Amazon is finally ready to take some measure of responsibility for charging customers’ credit cards for their children’s purchases without their consent.
In 2014, both Google and Apple settled FTC complaints with payouts of $32 and $19 million, respectively, for similar purchases. Amazon, however, has been considerably more reluctant to do so. They have continued to challenge the Federal Trade Commission regarding the legitimacy of in-app “micro-transactions” made by children but charged to their unsuspecting parents.
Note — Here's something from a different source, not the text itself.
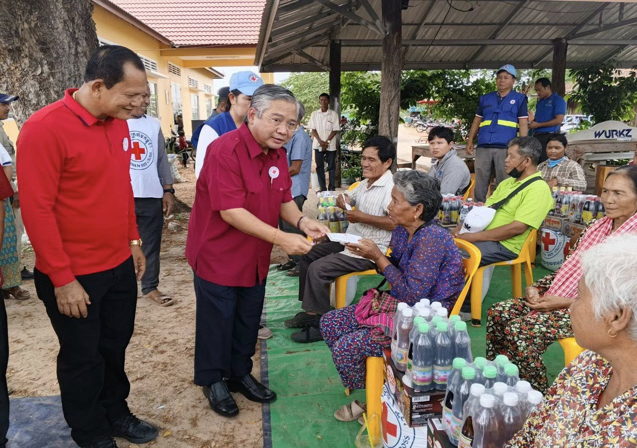 លោក បឹង គឹមសឹង ប្រធានមន្ទីរសេដ្ឋកិច្ច និងហិរញ្ញវត្ថុខេត្តបន្ទាយមានជ័យ និងជាអនុប្រធានគណៈកម្មាធិការសាខា តំណាងឯកឧត្តម អ៊ុំ រាត្រី ប្រធានគណៈកម្មាធិការសាខាកាកបាទក្រហមកម្ពុជា ខេត្តបន្ទាយមានជ័យ បានអញ្ជើញចូលរួមនាំយកអំណោយមនុស្សធម៌របស់សាខាកកាកបាទក្រហមខេត្តបន្ទាយមានជ័យ ទៅចែកជូនគ្រួសាររងគ្រោះខូចខាតផ្ទះសំបែងដោយសារជម្លោះព្រំដែនកម្ពុជា-ថៃ ចំនួន១២៥គ្រួសារ នៅស្រុកស្វាយចេក ខេត្តបន្ទាយមានជ័យ មានការអញ្ជើញចូលរួម គណៈកិត្តិយសសាខា គណៈកម្មាធិការសាខា អនុសាខា ក្រុមកាកបាទក្រហមឃុំ អ្នកស្ម័គ្រចិត្ត និងយុវជនកាកបាទក្រហមកម្ពុជា ។

The original FTC complaint protested the lack of safeguards preventing unauthorized users from making unlimited purchases. At the time, the FTC asserted that “Amazon’s in-app system allowed children to incur unlimited charges on their parents’ accounts without permission” and that “even Amazon’s own employees recognized the serious problem its process created.”
Despite Amazon’s rebuttals, a court agreed with the FTC in April 2016. And while Amazon has continued to appeal orders to refund customers until now, they seem to have finally owned up to their responsibility. Customers will be paid directly — the court also dismissed the notion that users might be refunded with Amazon gift cards.
The Federal Trade Commission seems to have been satisfied by the final result. Thomas B. Pahl, acting director of the FTC’s Bureau of Consumer Protection, said in a statement:
This case demonstrates what should be a bedrock principle for all companies — you must get customers’ consent before you charge them. Consumers affected by Amazon’s practices can now be compensated for charges they didn’t expect or authorize.
Amazon’s payout may come late, but it will dwarf both Google and Apple’s settlements combined. Roughly $70 million is expected to be in customers’ hands in the very near future, covering any potentially unauthorized Amazon Store payments made between 2011 and 2016.